Medical History-Eosinophilic granulomatosis with polyangiitis (EGPA) or Churg Strauss syndrome

History A 31 year old Sri Lankan male who was recently discharged from
hospital with the diagnosis of transverse myelitis, got admitted to the casualty ward with rapidly progressing flaccid quadriparesis and bulbar involvement over last 3 days.
His weakness of bilateral lower limbs started on the 21st of July 2019(which
was the 10th postoperative day following an appendectomy) and it was
progressive.
The weakness was more marked on left side and he tripped off while walking.He was conscious and afebrile. He had urinary retention, but there was no faecal incontinence. He denied having sensory symptoms back then. According to previous records he had bilateral spastic paraparesis (evident by power of left lower limb being 0, and right lower limb being 2 with bilateral up going plantar reflexes) without a sensory level, saddle anaesthesia or spinal tenderness. Anal sphincter tone was normal.

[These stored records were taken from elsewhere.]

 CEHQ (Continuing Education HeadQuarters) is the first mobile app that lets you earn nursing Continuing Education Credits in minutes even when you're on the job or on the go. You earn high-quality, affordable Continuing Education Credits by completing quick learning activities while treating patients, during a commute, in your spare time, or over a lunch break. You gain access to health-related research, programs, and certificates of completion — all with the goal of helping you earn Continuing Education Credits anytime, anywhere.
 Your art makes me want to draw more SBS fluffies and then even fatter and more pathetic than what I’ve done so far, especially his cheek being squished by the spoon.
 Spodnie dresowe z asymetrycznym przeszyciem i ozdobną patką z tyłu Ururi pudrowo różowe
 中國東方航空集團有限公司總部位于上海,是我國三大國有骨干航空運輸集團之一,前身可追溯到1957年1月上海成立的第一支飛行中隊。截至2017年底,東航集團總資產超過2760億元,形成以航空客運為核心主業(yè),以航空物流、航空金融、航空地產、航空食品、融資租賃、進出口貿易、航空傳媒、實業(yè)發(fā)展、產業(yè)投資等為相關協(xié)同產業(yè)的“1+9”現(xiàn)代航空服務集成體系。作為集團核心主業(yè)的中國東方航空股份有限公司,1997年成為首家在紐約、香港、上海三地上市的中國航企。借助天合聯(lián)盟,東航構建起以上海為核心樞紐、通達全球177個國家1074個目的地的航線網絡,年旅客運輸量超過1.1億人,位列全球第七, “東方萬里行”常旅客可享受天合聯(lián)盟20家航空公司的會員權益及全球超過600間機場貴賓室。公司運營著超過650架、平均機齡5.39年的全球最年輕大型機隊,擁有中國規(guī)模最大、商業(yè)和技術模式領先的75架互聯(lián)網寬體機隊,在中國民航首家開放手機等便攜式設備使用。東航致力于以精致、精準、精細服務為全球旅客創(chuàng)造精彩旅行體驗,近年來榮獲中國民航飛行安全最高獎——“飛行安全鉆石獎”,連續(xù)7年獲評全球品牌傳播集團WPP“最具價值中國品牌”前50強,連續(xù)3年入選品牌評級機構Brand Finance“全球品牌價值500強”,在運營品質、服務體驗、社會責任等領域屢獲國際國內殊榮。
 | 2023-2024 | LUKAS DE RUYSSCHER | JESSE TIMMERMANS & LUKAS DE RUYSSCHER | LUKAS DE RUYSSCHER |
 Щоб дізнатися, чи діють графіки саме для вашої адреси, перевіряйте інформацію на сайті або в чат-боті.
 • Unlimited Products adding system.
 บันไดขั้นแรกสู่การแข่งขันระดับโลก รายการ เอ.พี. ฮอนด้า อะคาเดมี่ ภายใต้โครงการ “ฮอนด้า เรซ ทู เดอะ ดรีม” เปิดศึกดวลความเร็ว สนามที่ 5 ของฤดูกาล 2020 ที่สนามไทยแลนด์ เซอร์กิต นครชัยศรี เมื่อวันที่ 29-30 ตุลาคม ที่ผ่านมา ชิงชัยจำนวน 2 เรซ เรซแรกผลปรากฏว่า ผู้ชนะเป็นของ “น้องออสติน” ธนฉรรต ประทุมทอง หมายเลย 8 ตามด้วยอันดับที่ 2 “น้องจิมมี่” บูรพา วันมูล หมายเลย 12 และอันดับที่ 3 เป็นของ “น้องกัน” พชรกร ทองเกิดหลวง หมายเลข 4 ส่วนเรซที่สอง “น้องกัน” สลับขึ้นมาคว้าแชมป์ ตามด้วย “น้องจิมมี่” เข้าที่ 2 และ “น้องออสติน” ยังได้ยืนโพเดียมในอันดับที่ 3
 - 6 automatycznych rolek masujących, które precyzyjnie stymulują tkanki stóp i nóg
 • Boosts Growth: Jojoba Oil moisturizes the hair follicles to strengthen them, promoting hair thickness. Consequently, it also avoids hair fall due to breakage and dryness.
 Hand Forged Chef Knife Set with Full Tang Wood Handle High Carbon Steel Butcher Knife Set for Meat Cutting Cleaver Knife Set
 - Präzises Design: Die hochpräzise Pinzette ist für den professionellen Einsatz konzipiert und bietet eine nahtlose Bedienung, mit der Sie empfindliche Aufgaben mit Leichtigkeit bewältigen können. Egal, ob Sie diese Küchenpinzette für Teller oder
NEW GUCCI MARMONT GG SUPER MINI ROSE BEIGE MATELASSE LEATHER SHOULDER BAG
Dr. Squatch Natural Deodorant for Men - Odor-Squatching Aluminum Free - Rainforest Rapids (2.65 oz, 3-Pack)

Examination of his upper limbs, cranial nerves and cerebellum were clinically normal. He was investigated in a medical unit where the diagnosis of transverse myelitis was made based on his clinical presentation and MRI findings which demonstrated transverse myelitis
involving 4th to 7th segment of spinal cord. He was referred to the neurology team who started him on IV methylprednisolone pulse therapy, physiotherapy and referred for rehabilitation after starting on oral prednisolone 1mg/kg. His muscle power improved significantly up to 4. Aetiology for transverse myelitis was not identified.
Unfortunately, following discharge the patient defaulted and presented again with worsening of neurology with weakness of all 4 limbs, dysarthria,
dysphagia, sialorrhoea and weakness of neck muscles. Breathing was normal.He has lost his bladder and bowel control.

On inquiry he had an abdominal pain unrelated to meals for last 2 months and constitutional symptoms. He was anorexic and lost 3 kgs during last month. He also had a low grade intermittent fever during that period. He had a transient, non pruritic rash over bilateral legs. He didn’t have active symptoms or signs of joint inflammation but had arthritis of his right knee joint following a sore throat a month ago and was diagnosed as having reactive arthritis. He denied having urinary symptoms, genitourinary discharges, gross haematuria or dark urine. He didn’t have photosensitivity, facial rash suggestive of malar rash or alopecia. He denied having red eyes, genital or oral ulcers.
His bowel habits were normal. He didn’t have cough, rhinorrhoea or a
headache suggesting sinusitis. There was no history of trauma, or features of increased intracranial pressure such as headache or vomiting.
According to the diagnosis card of his last hospital admission, he was admitted to hospital with severe central abdominal pain. USS showed inflamed appendix which was excised and sent for histology.
His past medical history revealed young hypertension (assessed and no
secondary causes identified), for which he was on nifedipine 20mg bd for last 6 months.He didn’t undergo any surgeries apart from the recent appendectomy. There were no neurological conditions in the family. He denied any allergies. He was a non-vegetarian, non-smoker and a social drinker.